The government support, as well as the growing demand for housing in China’s major cities, has led a number of property developers and finance firms into ventures similar to Morgan Stanley’s in recent months. Last month, China Construction Bank teamed with rental housing management firm China Young Professionals Apartment Management Ltd (CYPA) to set up a new RMB 2 billion ($315 million) fund aimed at developing new long-term residential rental projects
Investment Bank’s Partner Has a Political Pedigree
Morgan Stanley’s six-year-old local partner also is eager to point out the potential of China’s multi-family sector.
“Benefiting from the favourable policies by Chinese government, the long-term rental apartment industry is experiencing an upgrading journey,” said Jin Guangjie, founder of QingKe. “From day one, QingKe has been continuously improving our efficiency, operations and services by leveraging information and Internet technologies, in an effort to provide convenient residential services at best price to young people living in big cities.”
Founded in Shanghai in 2012 under the auspices of the Shanghai Youth Federation, an organisation under the Communist Party, QingKe manages over 70,000 rental units at present.

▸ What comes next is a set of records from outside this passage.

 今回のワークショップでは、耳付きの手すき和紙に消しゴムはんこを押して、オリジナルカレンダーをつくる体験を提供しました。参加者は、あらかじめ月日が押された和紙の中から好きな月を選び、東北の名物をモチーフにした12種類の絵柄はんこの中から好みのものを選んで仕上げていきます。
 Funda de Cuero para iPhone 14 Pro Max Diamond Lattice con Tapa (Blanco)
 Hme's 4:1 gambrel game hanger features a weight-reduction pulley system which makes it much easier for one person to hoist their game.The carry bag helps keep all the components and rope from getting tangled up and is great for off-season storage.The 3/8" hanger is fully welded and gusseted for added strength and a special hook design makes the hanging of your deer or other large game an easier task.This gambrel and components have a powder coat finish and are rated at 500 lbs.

The company, which targets young individuals, says its facilities in Shanghai, Beijing, Hangzhou and Jiaxing in eastern province Zhejiang, Nanjing and Suzhou in Jiangsu province and Wuhan in Hubei average an occupancy rate at 95 percent.

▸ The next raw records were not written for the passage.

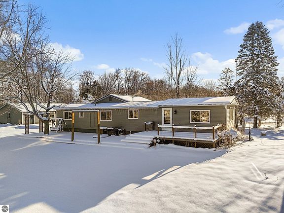 This delightful, permanently affixed home with its warm, wooded interior and gas fireplace sits on over an acre in lovely Fife Lake. The circular drive and sizeable addition includes new appliances, custom tile work, and a detached three-car heated garage that offers ample storage for vehicles, tinkering, or recreational equipment. The big back deck and space to garden are ready for its next green thumb, where the metal roof and newly painted vinyl siding give this home an upgraded aesthetic. A short drive delivers you to Fife Lake Elementary School, outdoor activities for the Up North enthusiast, and only 30 minutes to Traverse City.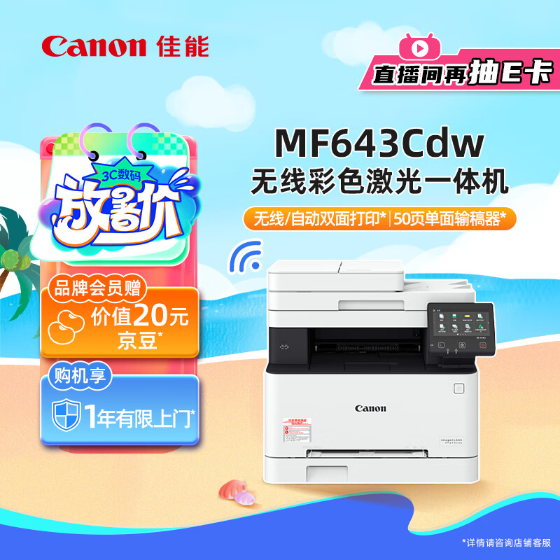 佳能(Canon)iC MF643Cdw A4幅面无线彩色激光多功能一体机(打印/复印/扫描/自动双面/自动输稿器 商用)价格:3729.00元!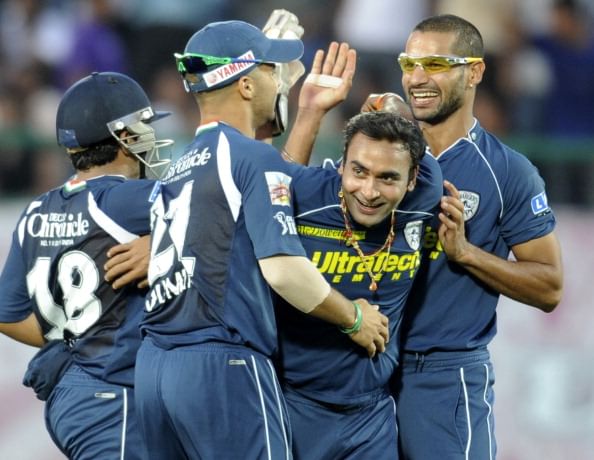 Match came into the final over with 15 needed off the last 6 balls and calm Mishra was brought into the attack. He struck in first ball itself, flat hit by Teja found long-off fielder. And then in a hurry for runs, next batsmen RP Singh and P Ojha lost their wickets hurriedly in the very first ball they played giving a hat-trick to Amit Mishra. DD won the match by 12 runs. The leg-spinner finished with 5 wickets by giving away just 17 runs in 4 overs.

Investors Tapping Into Rental Housing Boom
QingKe is one of a growing number of multi-family operators and developers that are rapidly gaining support from institutional investors in the region. At the beginning of the year, Ping An Real Estate, a subsidiary of Shenzhen-based Ping An Group, joined with developer Landsea Green Properties to launch their own $1.5 billion fund that will back the development of rental apartment projects in major cities across China.
In the same month, rental housing provider Ziroom also raised RMB 4 billion ($621 million) in new funding from investors including Warburg Pincus, Sequoia Capital China, and mainland tech giant Tencent.